Я пошел к Степе. Подумал, что старшой наверняка отсемафорит Цыганкову. Для того личность Степы секрета не представляет, и он сильно удивится нашему вечернему рандеву. Пусть помучается: звонить мне на трубку или изобразить, что ему ничего не известно… Последний раз мы со Степой виделись на похоронах Кушнера, а перед этим, наверное, год назад. На юбилее одного из общих знакомых. Виделись, но не разговаривали, только руки друг другу пожали: Степа основательно отдалился от нашей тусовки.
Задние фонари машины Степана светились красными огоньками. От фонаря к фонарю протянулась надпись крупными серебристыми буквами: «TOYOTA». Даже в выборе тачки Степан проявил свою непохожесть на остальных, купив огромный джип-пикап со сдвоенной четырехдверной кабиной. В городе таких машин мало: те, кому требуется перевозить тяжелые крупногабаритные грузы, выбирают колеса дешевле. Предпочтение же Степана было вызвано, как я думал, в первую очередь его желанием выпендриться. Отгородиться в какой-то степени от нас, нынешних. Много воды утекло с тех времен, когда мы были вместе. Врагами не стали, но дороги наши разошлись. Образно говоря, мы не теряли из виду приотставшего Степу; иногда махали ему руками через кусты и из-за деревьев, предупреждали о каких-то колдобинах, которых он пока что не замечал, а мы уже успешно миновали. Мне бы хотелось, чтобы он нас догнал. Я был бы рад чувствовать рядом его локоть и вести с ним дела. Но ему этого не хотелось ничуть. Он довольствовался своим положением аутсайдера и вовсе не собирался делать рывок, чтобы приблизиться к лидерам. Пройдет года три, и мы перестанем видеться даже на похоронах. Я уж не вспоминаю про юбилеи. Хотя, иногда думал я, на мои похороны он придет. Как и я – на его…

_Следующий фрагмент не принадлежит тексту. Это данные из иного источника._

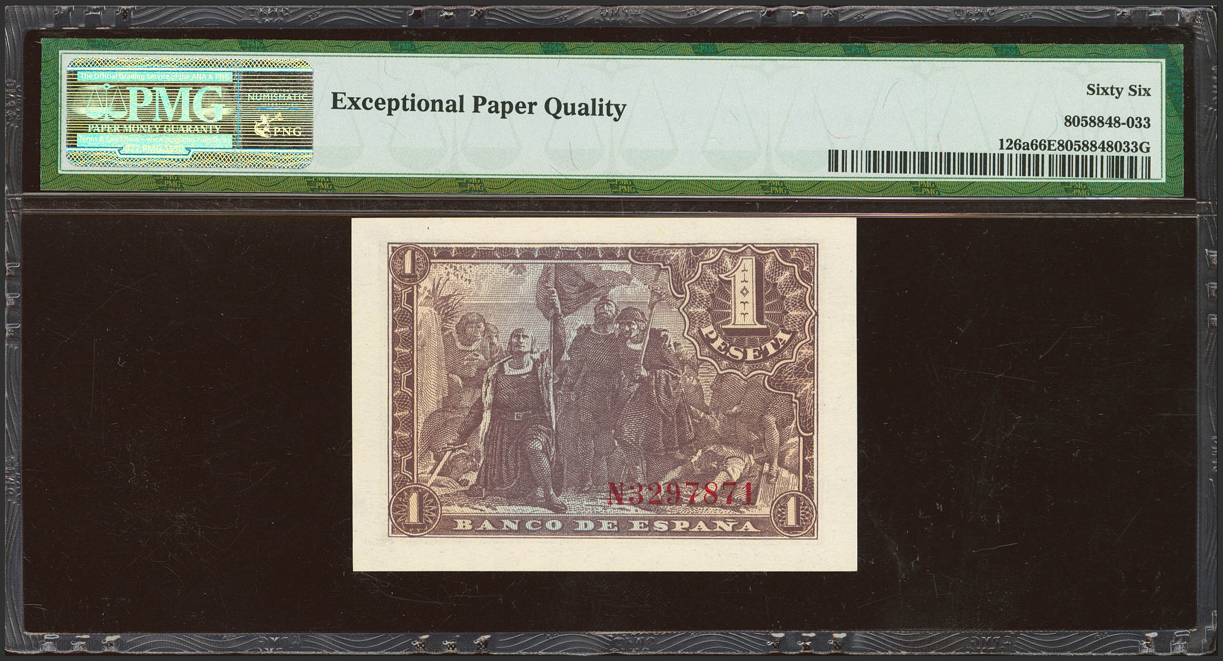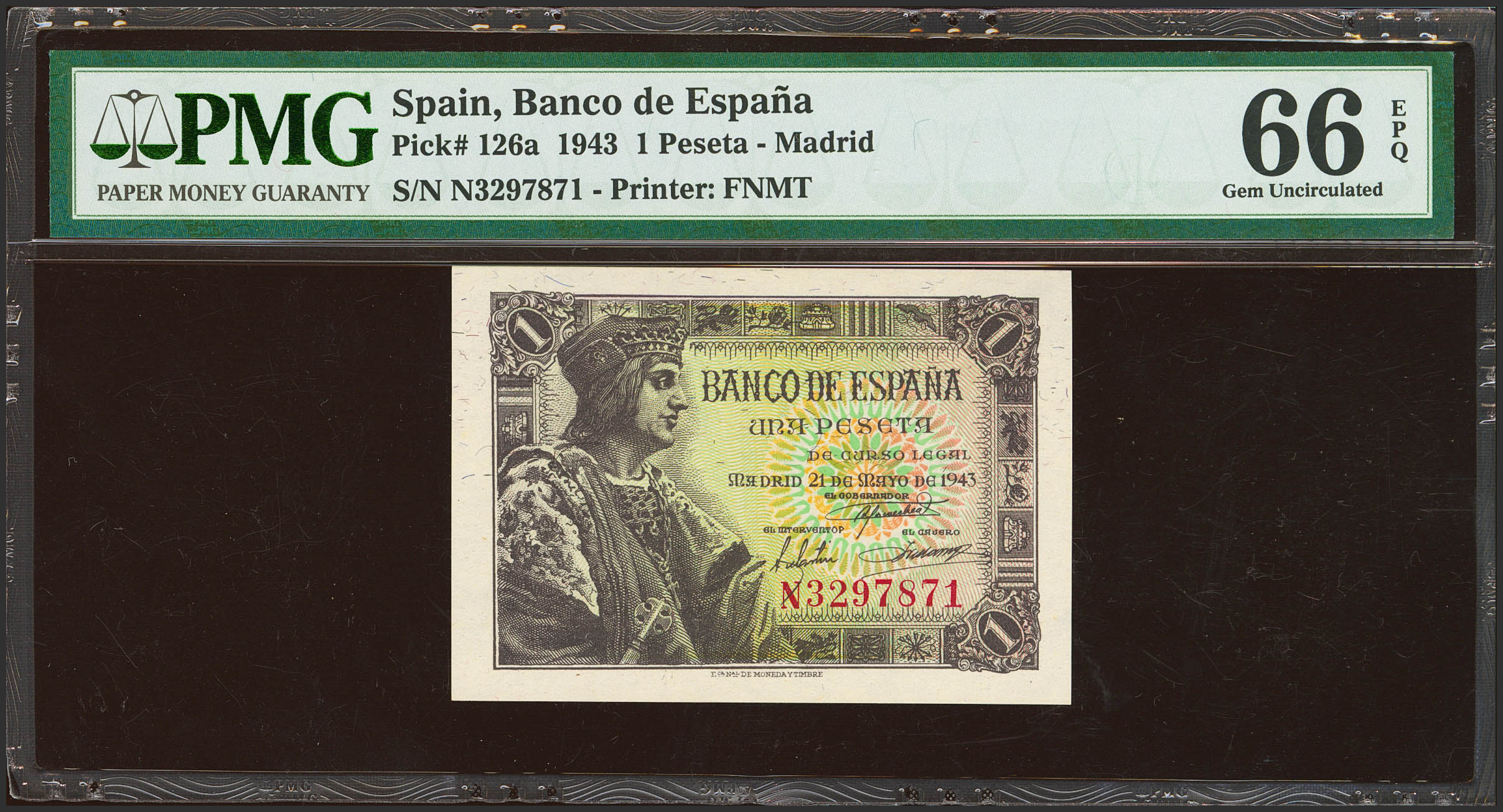1 Peseta. 21 de Mayo de 1943. Serie N, última serie emitida. (Edifil 2023: 447b, Pick: 126a). Apresto original. SC. Encapsulado PMG66EPQ.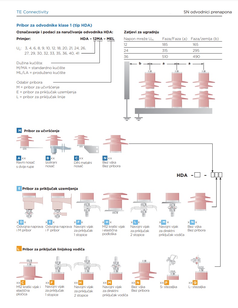 Tehničke specifikacije: HDA-MA i HDA-M srednjenaponski odvodnici napona

Степан был одет в рваные джинсы серого цвета, легкие «казаки» с блестящими пряжками и клетчатую красно-черную рубаху навыпуск. Пуговицы он расстегнул с ворота и до двух нижних, и в широкий разрез выступало мощное брюхо – Степан давно прекратил тренировки. Поверх черной футболки «харлей-дэвидсон», которую он натянул под рубаху, был выпущен амулет – что-то из обожженного дерева и из кожи, напоминающее заснувшего осьминога. Для полноты образа не хватало «банданы», косички и серьги – прическу Степан сохранил старую, так называемую «французскую», и если мог иногда накрутить косынку на голову, то украшать уши считал привилегией женщин и педиков.
– Ну, привет!
Он кивнул. Мы обменялись рукопожатиями.
Ехали молча. У меня на языке вертелись вопросы, но я считал преждевременным их задавать. Основное он рассказал по телефону. Если ошибся – то и перетирать нечего. А если я самолично, своими глазами увижу, что все именно так, – тогда и обсудим ситуацию неторопливо, с максимально возможным вниманием.
На Пискаревском проспекте оказалось неожиданно оживленно. Степа вел пикап так, словно сдавал экзамен в ГАИ. Кажется, нас не обогнал только троллейбус.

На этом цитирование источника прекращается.